The RIAI has consistently argued that current procurement practice in Ireland too often focuses on minimising the cost of design and construction rather than achieving genuine value for money. Their position, which we share, is that design quality and long-term value should take priority over short-term cost reduction.
A Real-World Example
Consider two approaches to the same brief: a new community building with a construction budget of around one million euro.
Approach A minimises design fees, rushes through the technical stages, specifies the cheapest compliant materials, and produces a building that meets minimum regulatory standards. Construction comes in on budget at one million euro.
Approach B invests properly in design, achieves a more ambitious energy performance, specifies durable and maintainable materials, and produces thoroughly coordinated construction documents. Construction comes in at one million and fifty thousand euro, a 5% premium.
Over thirty years, Approach A costs an additional fifteen to twenty thousand euro in energy per decade compared to Approach B. It requires two significant maintenance interventions (roof, external finishes) that Approach B avoids through better material choices. Its mechanical systems need replacement five years sooner due to less efficient design. And when the building needs to adapt to new requirements after fifteen years, the inflexible original layout means a costly internal reconfiguration.
The total thirty-year cost of Approach A is substantially higher. The building that was "cheaper" to build becomes the more expensive building to own.
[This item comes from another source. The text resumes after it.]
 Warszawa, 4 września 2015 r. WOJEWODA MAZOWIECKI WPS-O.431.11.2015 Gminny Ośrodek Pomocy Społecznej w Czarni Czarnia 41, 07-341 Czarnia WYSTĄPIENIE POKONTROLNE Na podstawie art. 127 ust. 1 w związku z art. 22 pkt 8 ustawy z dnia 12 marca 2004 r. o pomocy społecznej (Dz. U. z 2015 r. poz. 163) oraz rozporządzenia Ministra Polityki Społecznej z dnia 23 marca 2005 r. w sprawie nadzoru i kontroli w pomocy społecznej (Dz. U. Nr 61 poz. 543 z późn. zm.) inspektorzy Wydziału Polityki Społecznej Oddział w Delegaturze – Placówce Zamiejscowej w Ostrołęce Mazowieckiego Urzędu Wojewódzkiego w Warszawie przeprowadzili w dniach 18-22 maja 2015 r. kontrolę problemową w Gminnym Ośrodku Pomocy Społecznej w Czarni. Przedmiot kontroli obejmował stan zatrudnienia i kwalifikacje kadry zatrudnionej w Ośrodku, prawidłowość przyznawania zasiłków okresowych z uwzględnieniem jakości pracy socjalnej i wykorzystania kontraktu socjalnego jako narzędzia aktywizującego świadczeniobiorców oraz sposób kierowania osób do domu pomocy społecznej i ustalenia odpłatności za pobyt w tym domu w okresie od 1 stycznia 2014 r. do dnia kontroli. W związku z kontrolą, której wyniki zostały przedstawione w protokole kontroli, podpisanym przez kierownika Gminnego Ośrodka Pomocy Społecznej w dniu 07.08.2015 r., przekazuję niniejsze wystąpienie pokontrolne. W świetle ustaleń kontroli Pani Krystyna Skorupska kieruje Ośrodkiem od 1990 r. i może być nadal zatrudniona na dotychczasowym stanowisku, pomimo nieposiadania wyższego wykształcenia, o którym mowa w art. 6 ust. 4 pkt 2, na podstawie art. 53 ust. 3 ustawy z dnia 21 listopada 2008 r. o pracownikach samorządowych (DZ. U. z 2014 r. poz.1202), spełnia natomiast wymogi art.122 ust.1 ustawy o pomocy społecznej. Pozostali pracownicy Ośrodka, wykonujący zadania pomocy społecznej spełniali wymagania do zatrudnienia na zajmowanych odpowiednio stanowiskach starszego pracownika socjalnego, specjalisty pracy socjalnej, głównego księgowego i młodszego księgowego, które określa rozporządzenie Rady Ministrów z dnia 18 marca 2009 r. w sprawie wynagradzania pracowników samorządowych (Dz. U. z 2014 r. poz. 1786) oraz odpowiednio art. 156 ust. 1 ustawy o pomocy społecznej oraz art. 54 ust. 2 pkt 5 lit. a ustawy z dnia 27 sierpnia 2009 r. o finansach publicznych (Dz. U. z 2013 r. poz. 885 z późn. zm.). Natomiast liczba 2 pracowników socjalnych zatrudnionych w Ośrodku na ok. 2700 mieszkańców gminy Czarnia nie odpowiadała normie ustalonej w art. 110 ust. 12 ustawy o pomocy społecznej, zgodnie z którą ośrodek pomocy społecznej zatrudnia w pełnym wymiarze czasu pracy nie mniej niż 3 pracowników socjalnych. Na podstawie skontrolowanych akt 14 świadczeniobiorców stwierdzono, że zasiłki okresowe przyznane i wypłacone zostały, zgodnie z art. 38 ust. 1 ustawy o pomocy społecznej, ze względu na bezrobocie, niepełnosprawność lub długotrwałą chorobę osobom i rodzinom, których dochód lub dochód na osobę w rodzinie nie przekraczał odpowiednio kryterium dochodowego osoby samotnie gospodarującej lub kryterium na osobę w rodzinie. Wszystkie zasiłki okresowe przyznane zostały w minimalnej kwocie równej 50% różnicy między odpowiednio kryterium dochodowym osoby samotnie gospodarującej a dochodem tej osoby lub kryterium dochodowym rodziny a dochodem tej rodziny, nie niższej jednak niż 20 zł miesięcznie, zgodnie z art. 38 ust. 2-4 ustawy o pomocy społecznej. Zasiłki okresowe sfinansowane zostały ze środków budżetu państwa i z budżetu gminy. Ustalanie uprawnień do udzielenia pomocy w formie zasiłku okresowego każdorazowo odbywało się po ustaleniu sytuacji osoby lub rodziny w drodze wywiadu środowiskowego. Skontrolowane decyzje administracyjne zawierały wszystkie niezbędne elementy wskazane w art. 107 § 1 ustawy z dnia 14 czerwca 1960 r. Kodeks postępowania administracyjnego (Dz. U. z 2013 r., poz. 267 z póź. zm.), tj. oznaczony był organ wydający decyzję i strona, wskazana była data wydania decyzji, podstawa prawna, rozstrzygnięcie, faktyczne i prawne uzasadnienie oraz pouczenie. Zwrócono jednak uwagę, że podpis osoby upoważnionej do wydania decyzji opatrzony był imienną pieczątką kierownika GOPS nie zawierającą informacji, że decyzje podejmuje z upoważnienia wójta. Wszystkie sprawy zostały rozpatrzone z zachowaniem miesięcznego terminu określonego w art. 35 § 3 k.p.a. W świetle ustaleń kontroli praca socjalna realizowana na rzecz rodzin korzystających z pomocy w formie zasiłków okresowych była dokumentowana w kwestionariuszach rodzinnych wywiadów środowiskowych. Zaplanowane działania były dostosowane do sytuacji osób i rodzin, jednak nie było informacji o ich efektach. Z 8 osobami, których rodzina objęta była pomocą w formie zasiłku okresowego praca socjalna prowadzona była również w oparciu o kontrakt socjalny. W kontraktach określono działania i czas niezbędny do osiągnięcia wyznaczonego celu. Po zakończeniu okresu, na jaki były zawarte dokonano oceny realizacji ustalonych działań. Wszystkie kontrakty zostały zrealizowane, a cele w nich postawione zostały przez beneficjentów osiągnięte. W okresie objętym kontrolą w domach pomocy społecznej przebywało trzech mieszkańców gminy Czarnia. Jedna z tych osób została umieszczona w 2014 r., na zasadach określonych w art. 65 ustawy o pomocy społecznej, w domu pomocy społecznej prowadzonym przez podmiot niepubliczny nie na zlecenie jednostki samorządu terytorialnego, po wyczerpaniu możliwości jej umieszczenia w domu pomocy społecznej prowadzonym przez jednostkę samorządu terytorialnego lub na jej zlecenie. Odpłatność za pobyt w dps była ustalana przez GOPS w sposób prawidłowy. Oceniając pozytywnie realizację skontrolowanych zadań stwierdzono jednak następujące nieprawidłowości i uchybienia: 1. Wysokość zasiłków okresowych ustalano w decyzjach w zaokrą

What This Means For Clients
If you are commissioning a building, whether as a public body, a developer, or a private client, the most important financial decision you will make is not choosing the lowest tender. It is choosing the right design team and giving them the time and resources to do their work properly.
Good design is not an indulgence. It is the most reliable way to control the total cost of your building over its lifetime. It reduces energy bills. It reduces maintenance. It reduces construction risk. It creates spaces that remain fit for purpose as needs evolve. And it delivers buildings that people genuinely enjoy using, which, while harder to put a number on, has real value for any organisation.
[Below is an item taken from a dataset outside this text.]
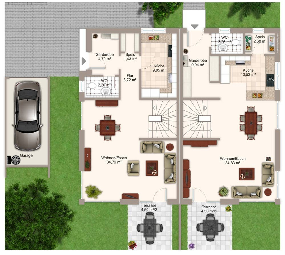 Südterrasse mit umlaufendem Garten

We often say that good design always costs less. We mean it literally, not as aspiration but as a consistent, observable outcome of investing in quality at the right stage of the process.
If you are weighing up how much to invest in design, the question to ask is not "what does the architect cost?" but "what will this building cost me over the next thirty years, and how much of that can good design reduce?"
The answer, in our experience, is always significant.